YOUR GOAL =
Begin the copy at the line containing "必死にハンマーを追いかけて疲れ果てた僕たちを笑顔で出迎えてくれる名看板犬!" in the data below and end it at the line containing "Čierne dámske mokasíny", keeping each line exact and leaving out pictures.

DATA LISTING =
⁂

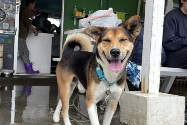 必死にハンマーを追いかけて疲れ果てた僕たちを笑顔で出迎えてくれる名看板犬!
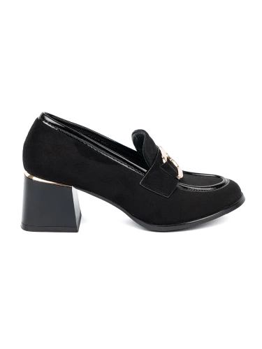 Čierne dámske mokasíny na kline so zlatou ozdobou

⁂

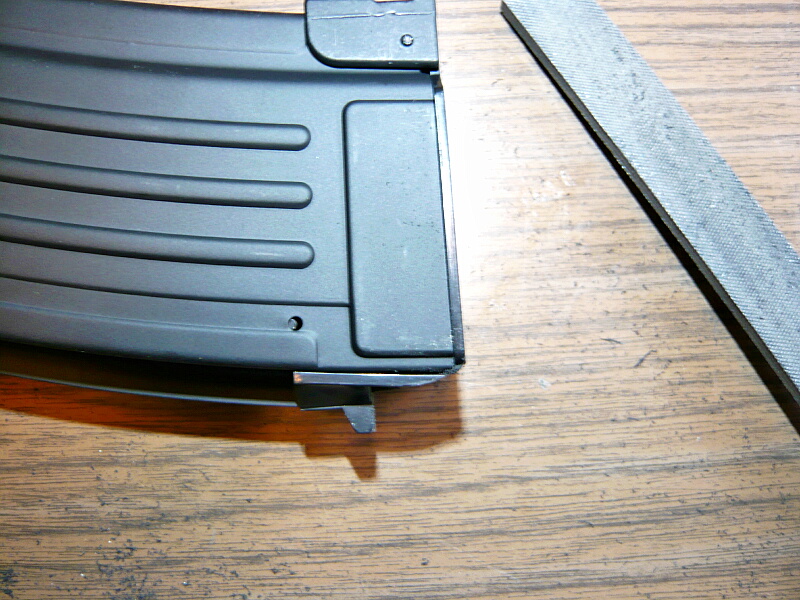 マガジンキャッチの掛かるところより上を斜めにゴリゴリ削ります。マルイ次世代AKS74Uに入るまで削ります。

⁂

REPLY =
 必死にハンマーを追いかけて疲れ果てた僕たちを笑顔で出迎えてくれる名看板犬!
 Čierne dámske mokasíny na kline so zlatou ozdobou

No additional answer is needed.